Nitrate isa natural material in soils. It is primary source of nitrogen for plants and microorganisms. Probably more than 90 percent of the nitrogen absorbed by plants is in the nitrate form. Nitrate- and nitrite-nitrogen is soluble in water and moves with soil moisture. A potential cancer risk from nitrate (and nitrite) in water and food has been reported. Recent human epidemiology studies have shown that nitrate ingestion may be linked to gastric or bladder cancer.

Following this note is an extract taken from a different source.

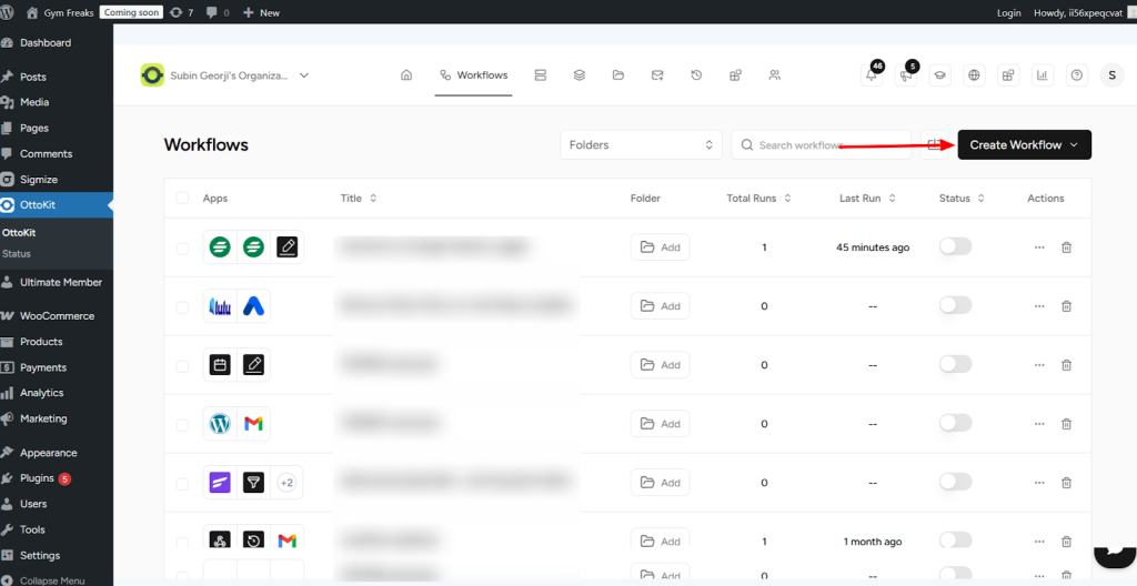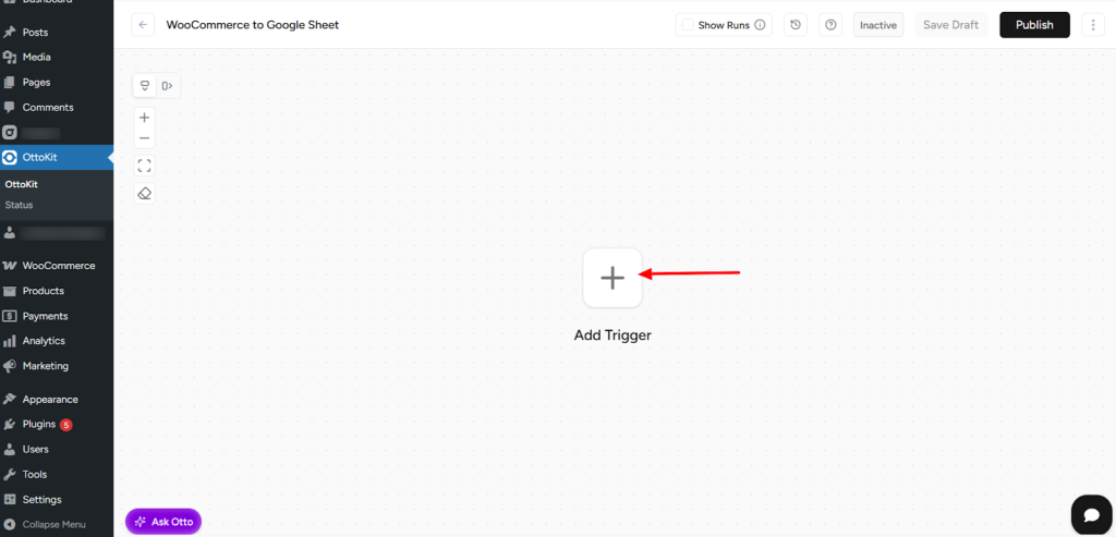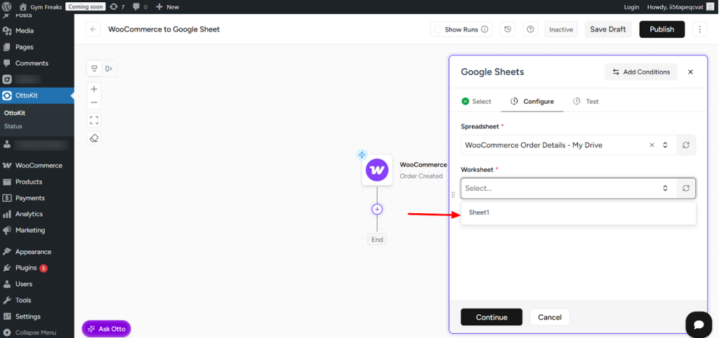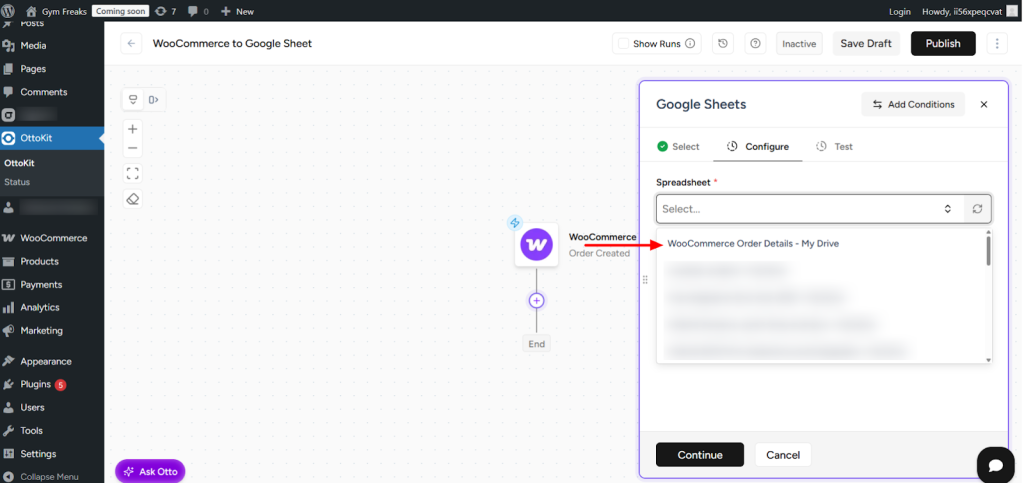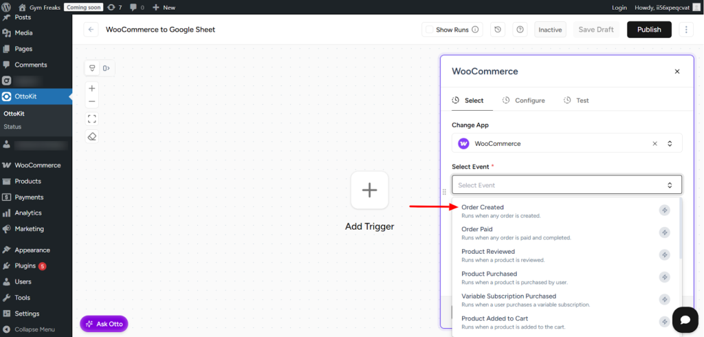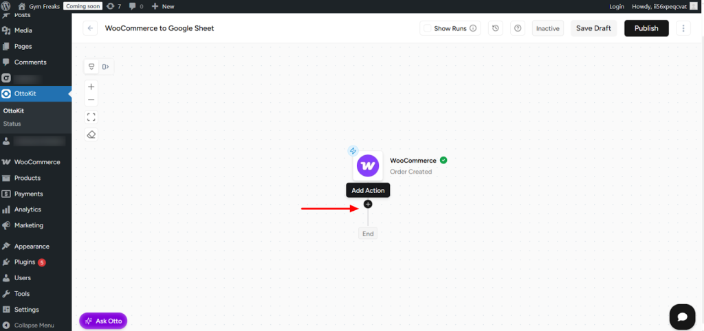 With OttoKit, you can create a workflow that automatically adds a new row to Google Sheets whenever a WooCommerce order is created.
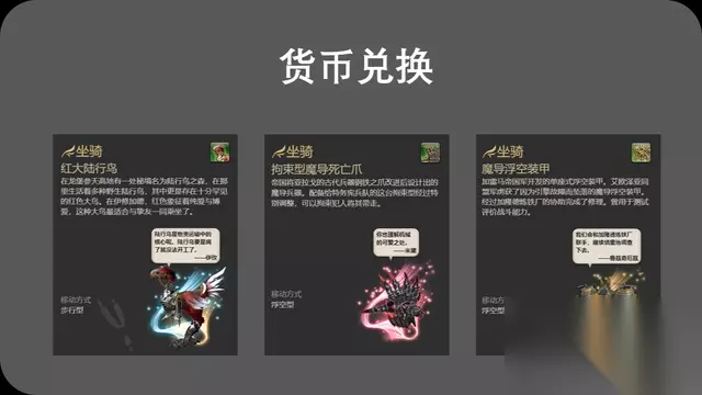 《最终幻想14》 货币兑换 在《最终幻想14》中,所谓的“货币兑换”实际上是指游戏中的多种可以用来兑换坐骑的货币和道具,比如金币、成就币、魔金锡币等等。 例如,红大陆行鸟这个坐骑,就可以通过使用8份黄金陆行鸟的羽毛来兑换红大陆行鸟笛,从而获得红大陆行鸟坐骑。拘束型魔导死亡爪这个坐骑则需要6个成就币来兑换。魔导浮空装甲则需要20000个狼印战机来兑换。 所以,虽然用于兑换的货币或道具类型各不相同,但是他们的本质都是通过货币兑换的方式来获取坐骑。除了上述的几种坐骑外,还有许多其他的坐骑也可以通过这种方式来获取。

The most likely mechanism for human cancer related to nitrite is the body’s formation of N-nitrosamines [1]. Nitrosamines have been shown to cause tumors at multiple organ sites in every animal species tested [1, 2]. The nitrite oxidizes iron in the hemoglobin of the red blood cells to form met hemoglobin, which lacks the oxygen-carrying ability of hemoglobin. This creates the condition known as methaemoglobinemia (sometimes referred to as “blue baby syndrome”) [3, 4]. Nitrate contamination in groundwater from fertilizer and animal manure is severe and getting worse for hundreds of thousands of residents in Kazakhstan

Thirty years ago we observed that milk xanthine oxidase is able to catalyze the disappearance of nitrates and nitrites in the reaction mixture [5]. More later, it was found that both purified and tissue containing XO catalyzes the reduction of nitrate and nitrite to NO [6, 7].

XO (EC 1.17.3.2) catalyzes the oxidation of hypoxanthine to xanthine and can further catalyze the oxidation of xanthine to uric acid. The enzyme protein is large, having a molecular weight of 270 kDa, and has 2 FAD molecules, 2 molybdenum atoms, and 8 iron atoms bound per enzymatic unit [8]. Comparison of the Mo contents and XO activities of human and bovine XO allowed estimation of activities corresponding to 100 % Mo content. This gave estimates of 59 % and 55 % content of inactive Mo-containing enzyme for human and bovine XOR respectively [9]. XO purified from human milk was shown to contain 0.04 atoms Mo per subunit. Thus, it seems clear that bovine and human XOs contain similar demolybdo-forms of the enzyme [10]. It is likely that the human milk samples usedare usual in that the donors came from Mo-deficient area. Preparation of XO from goat and sheep milk contain only 0,09 and 0,18 atoms Mo per subunit respectively and, although purified bovine milk XOR is clearly much richer in Mo, it is still 40 % deficient [11]. Thus, in human and bovine milk XO also exists in enzymatic inactive demolybdo form. However, in goat and camel milk only a limited amount of information has been published concerning this enzyme. Therefore the purpose of this paper is to discuss the results related to nitrate- and nitrite-reducing activity of XO from goat, camel and horse milk.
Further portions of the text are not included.